Expedia Buys HomeAway – How To Survive The Big Changes Coming

By November 5, 2015 July 31st, 2018 Listings, News

This just in…

Well my friends, this is a big day in history. The game has changed for the vacation rental industry.

I had a blog scheduled for today, but this pressing news took precedence.

If you’ve been following my blogs, you know that we suspected this day would come.

HomeAway has been acquired.

By who?

By Expedia!

Expedia purchased HomeAway for an equity value of approximately $3.9 billion. Yeah B as in billion!
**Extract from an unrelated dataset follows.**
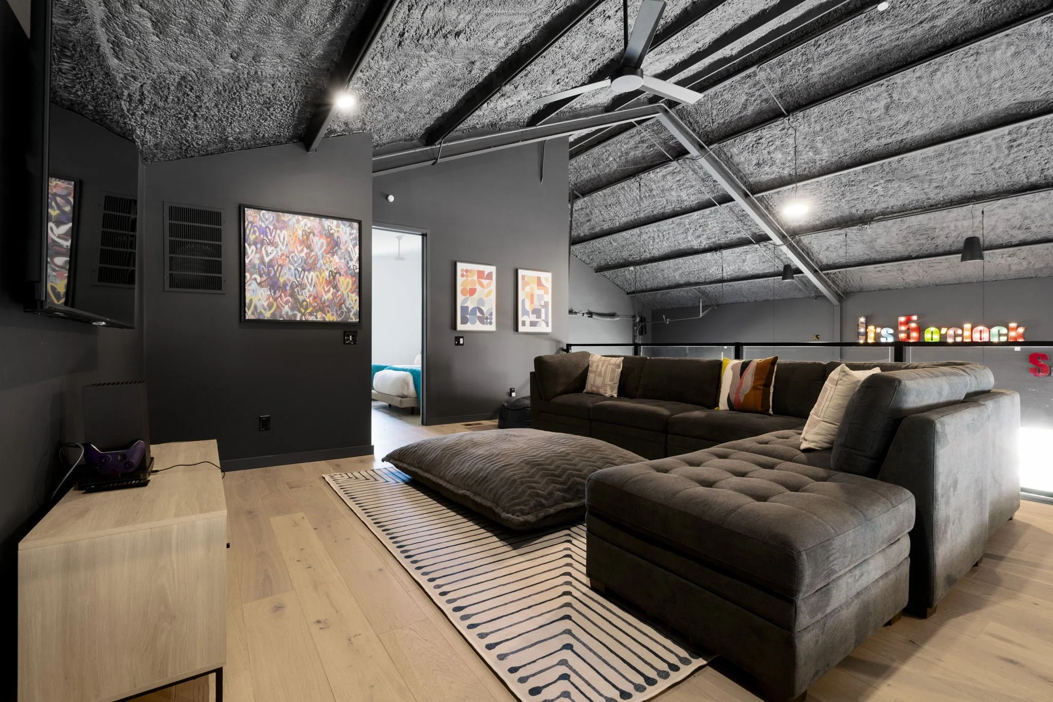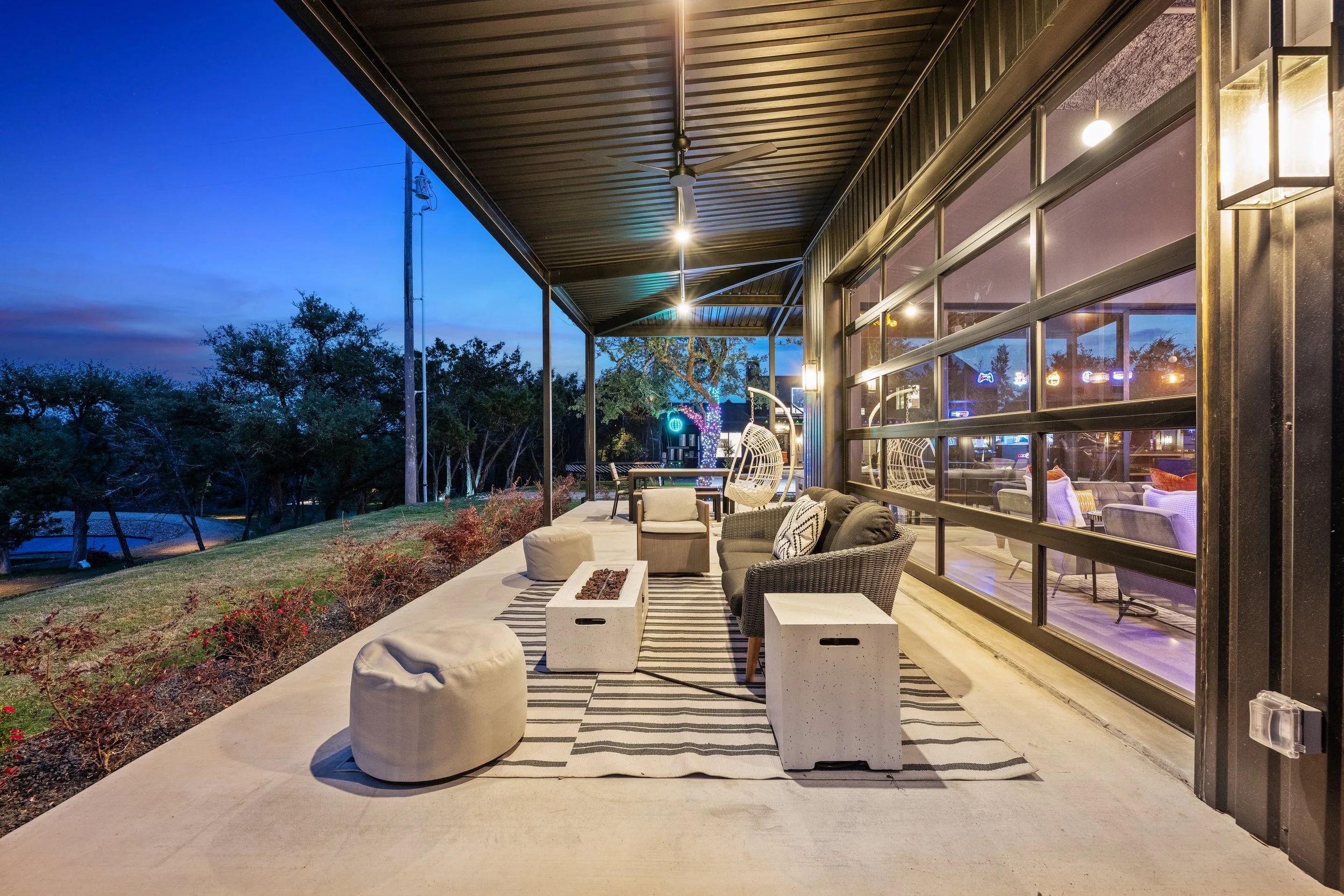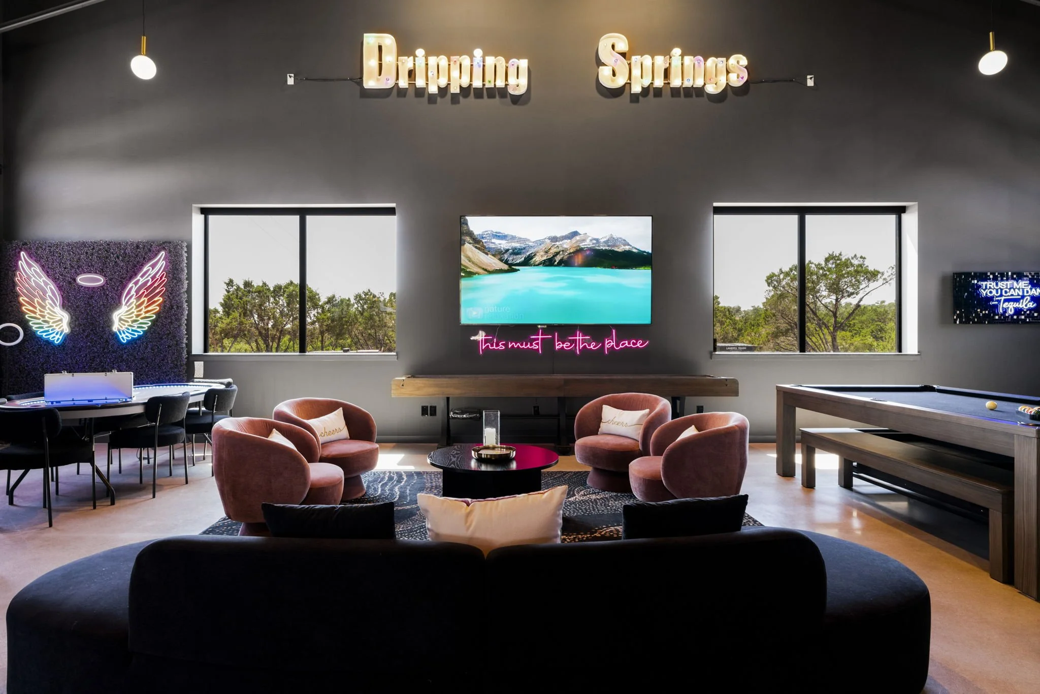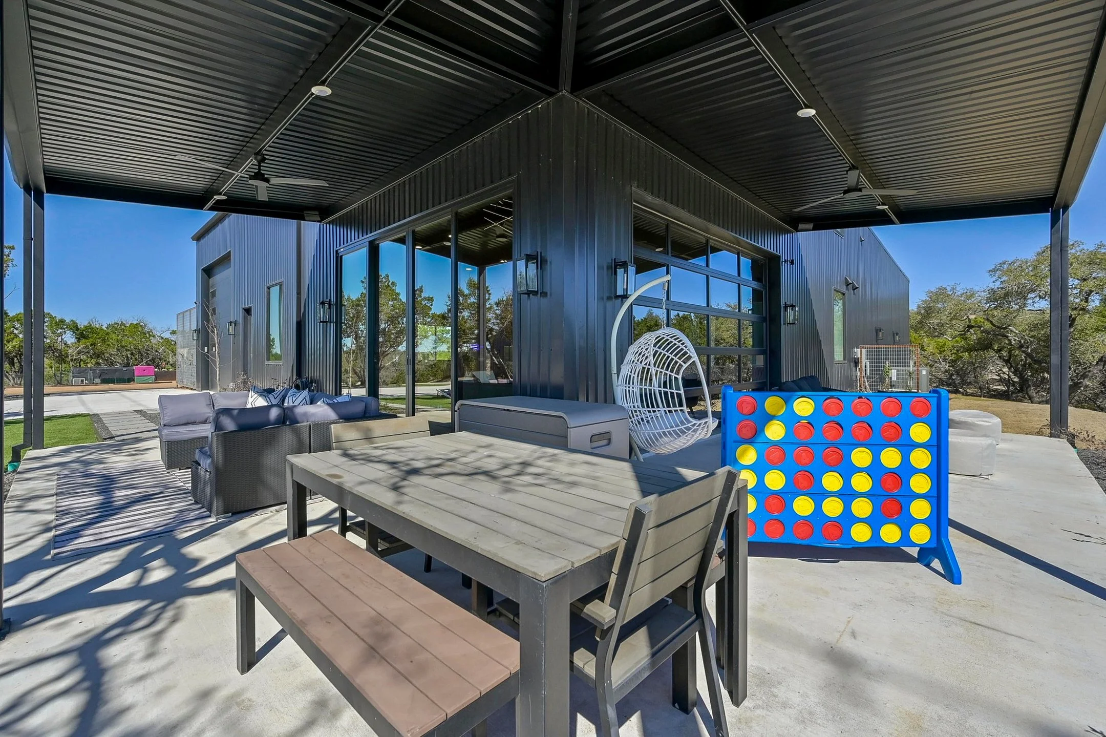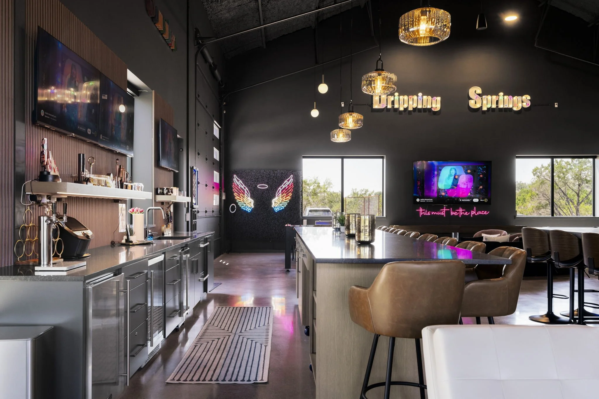 Welcome to the party barn & event hall, steps away from the Main Home. This entertainment space is 2,800 sqft, including a full kitchen, bar, island (on wheels), space for arcade games, lounge, and massive garage capacity.

But wait there’s a twist in the plot of this story.

In 2016, they, HomeAway now Expedia, is set to introduce a traveler service fee of 6 percent. Sound familiar?

With this new approach, it appears as though HomeAway has now become a follower of AirBnB’s business model. So is AirBnB really the leader here? Is their business model better? Do you think AirBnB will be bought out next?

Expedia, the travel giant with a gargantuan appetite consumed huge brands this year like Travelocity and Orbitz. What’s really interesting is Expedia paid double for HomeAway than it it did for both combined! The deal, still subject to regulatory approvals, is expected to close in the first quarter of 2016. What will 2016 look like for the vacation rental industry?

Things are changing!

Change of management, policy, procedures, requirements, features, fees…everything will be turned on it’s head, or will it?

Owners and managers may not be the only ones who have an issue with the HomeAway buy out. I’m pretty sure Booking.com is not so thrilled.

Booking.com once had the bragging rights of being the world’s largest lodging seller but not anymore. Expedia just knocked Booking.com off it’s high horse with 1.5 million properties vs. Booking.com’s 820,400. What will Booking.com’s next move be? Should we expect more buyouts in the industry from other agencies wanting to get in on this action?

Are hotels in danger now that Expedia has invested 3.9 billion in vacation rentals and may now be promoting rentals more aggressively?

What will the acquisition mean for competition, travelers, and your vacation rental business?  Will more owners list? Will fewer or more travelers rent or is it business as usual?

The HomeAway buy-out shows us all that there is continued growth in the vacation rental sector. It’s amazing how much has changed in the last several years and it will be very interesting to see how this affects us all in the future.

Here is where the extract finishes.